Mi abuelo fue un desplazado de la violencia de los años cincuenta y a mi madre le tocaron los últimos coletazos. Yo nací durante el Frente nacional, la postguerra. Un periodo en el que liberales y conservadores se turnaban para saquear las arcas del Estado y en el que la brecha entre ricos y pobres se hizo más grande. La violencia dormitaba, hacía su digestión de trecientos mil muertos. En los primeros años de mi adolescencia se escuchaban noticias de las guerrillas, remotas, como una lejana puerta que se cierra. Y en los años de mi primera juventud la violencia se desperezo, bostezo. Empezó el baile nuevamente. Siempre hay un Aureliano Buendía que se alza en armas contra el Estado y legiones que lo siguen porque, como los bastardos que siguieron al coronel, no tienen opción.
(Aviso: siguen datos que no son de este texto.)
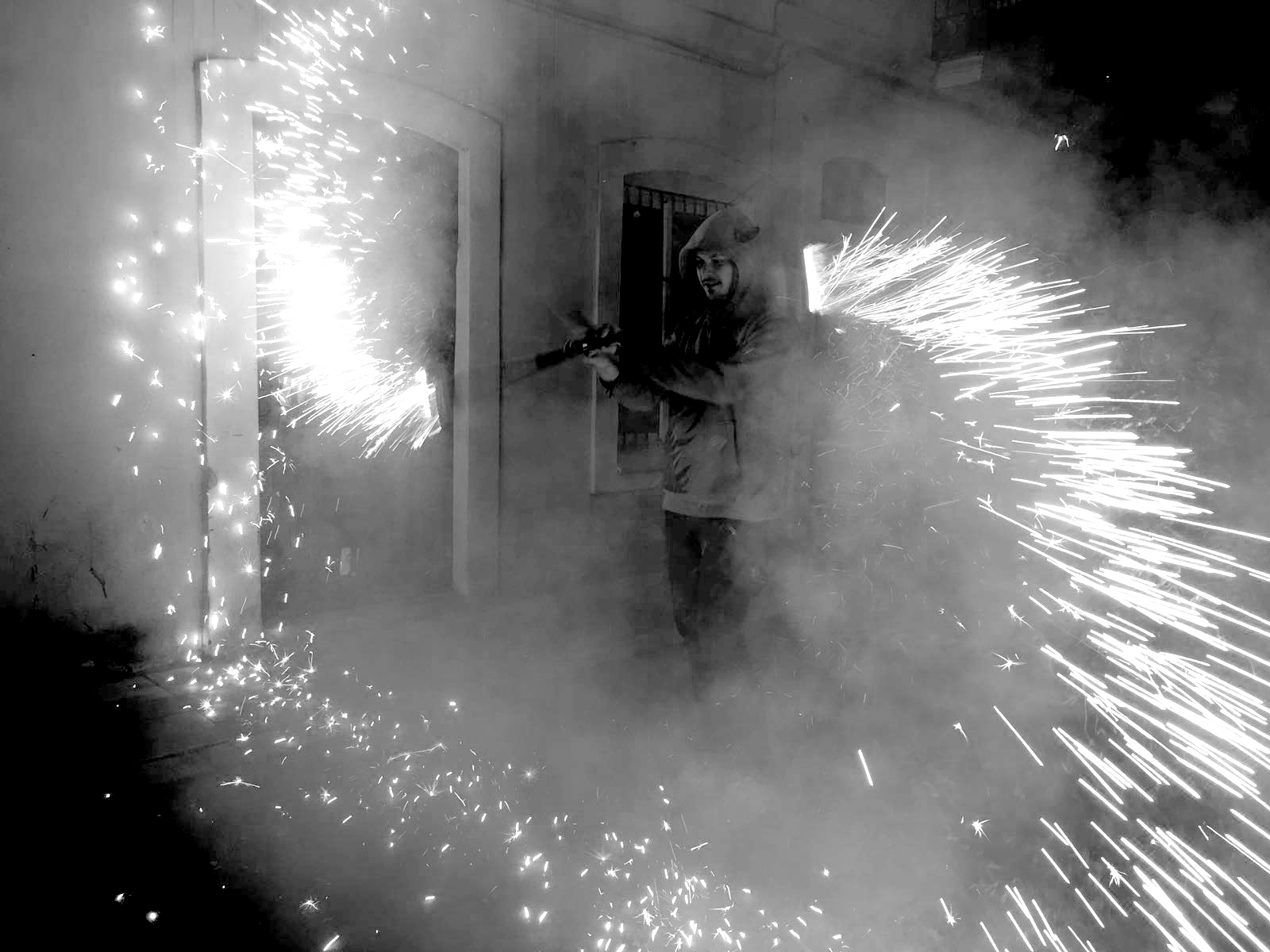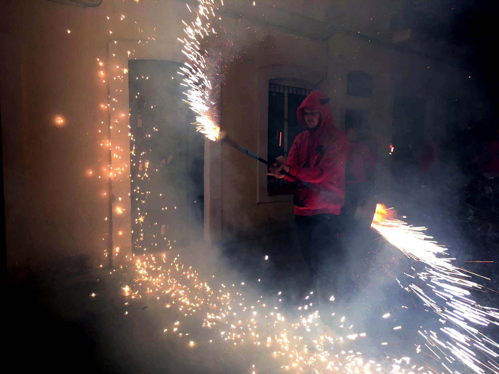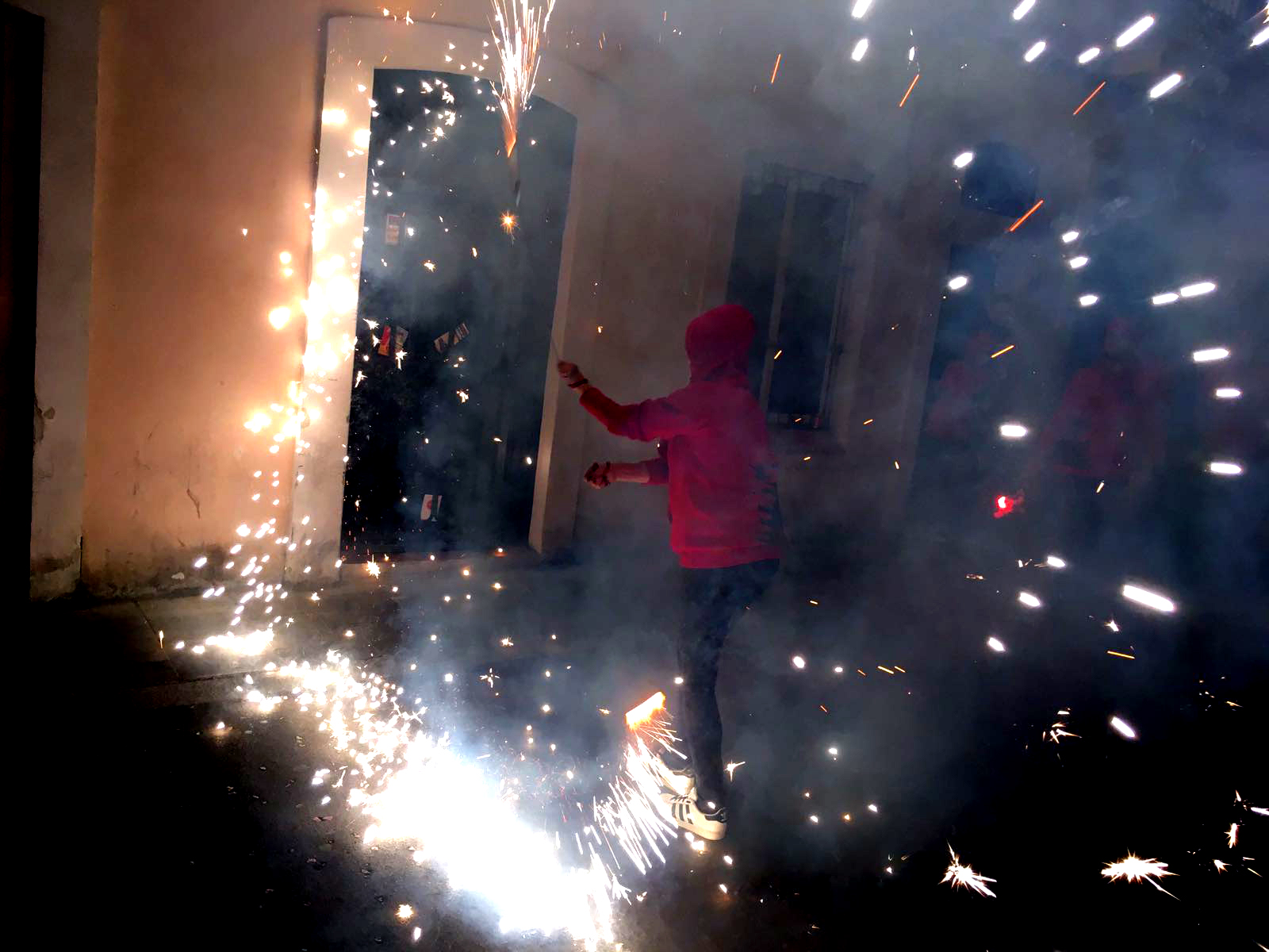 Des de les sis de la tarda, vam atabalar la Vila de Gràcia -en format cercavila- per donar el toc d’inici a aquesta particular festa. En acabar, davant de la porta de la clínica, vàrem realitzar un espectacle de foc, amb malabars, bufadors i carretillada.
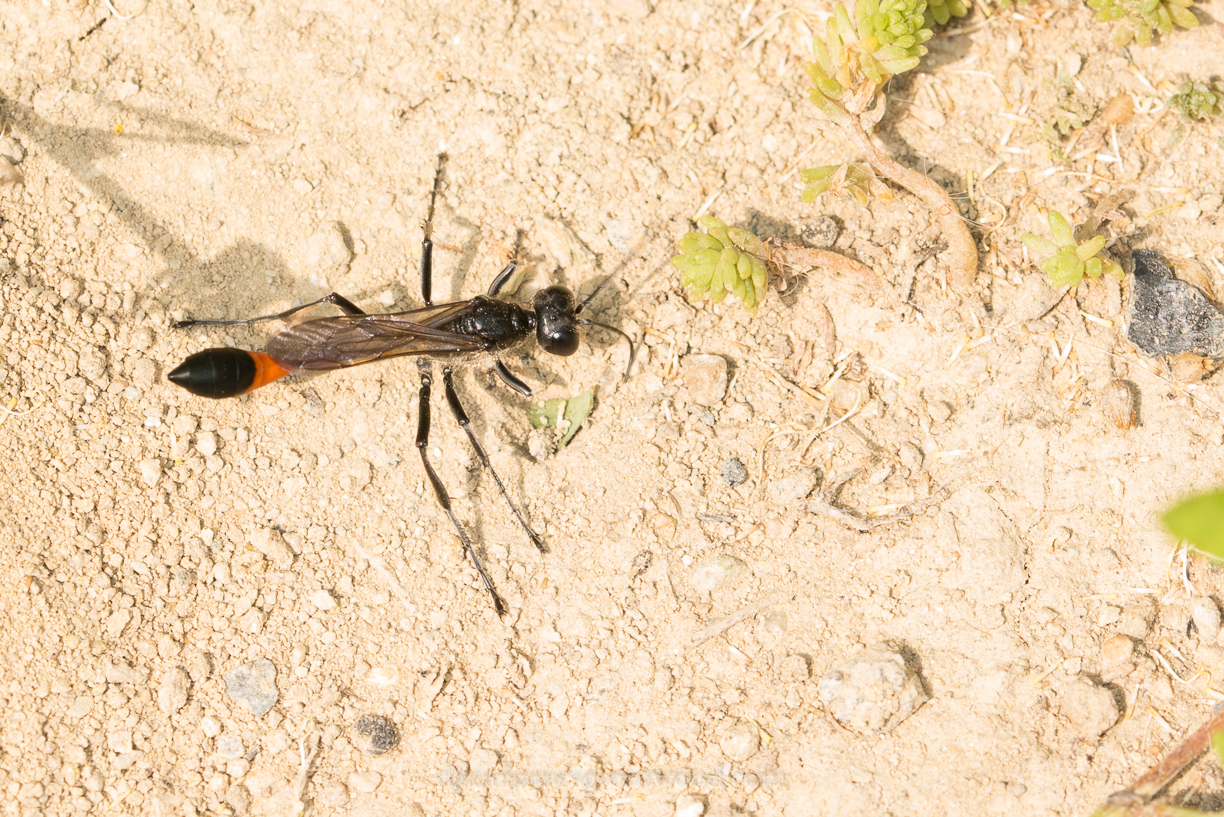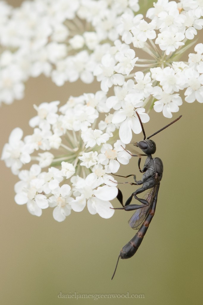 Another species of wasp, but instead an ichneumon (probably a Gasteruption species) was foraging on the flowers.

Soy un sobreviviente de la guerra del Estado contra las guerrillas, de la guerra contra el narcotráfico; sobreviví al Estatuto de Seguridad, a la violencia paramilitar, a la Seguridad Democrática; trato de sobrevivir al implacable sistema financiero.

Ahora le toca a la generación de mis hijos, que se enfrenta en las calles al ejército y a la policía. Pero lo hacen con tambores, con trompetas, con alegría, con celulares; y reciben gases, balas de fusil. Esos muchachos y muchachas que hoy están en las calles, los médicos y enfermeras que enfrentan la pandemia en los hospitales, los profesores y profesoras; los empleados y empleadas de los grandes almacenes, de las maquilas, los trabajadores informales, los soldados que disparan, los camioneros, los taxistas, etc., somos descendientes de los primeros bastardos que pelearon a cambio de nada en las guerras de independencia, en todas las guerras civiles del siglo XIX; de los que siguieron al coronel Aureliano Buendía, porque vieron en la guerra el único medio de conquistar derechos vedados a los hijos naturales.

Despreciados por un puñado de criollos enfermos de aporofobia, dispuestos a todo con tal de conservar sus privilegios, los jóvenes de hoy, como los de ayer, solo quieren una oportunidad. ¿Les parece mucho?

Aporofobia: odio a los pobres, a los que molestan.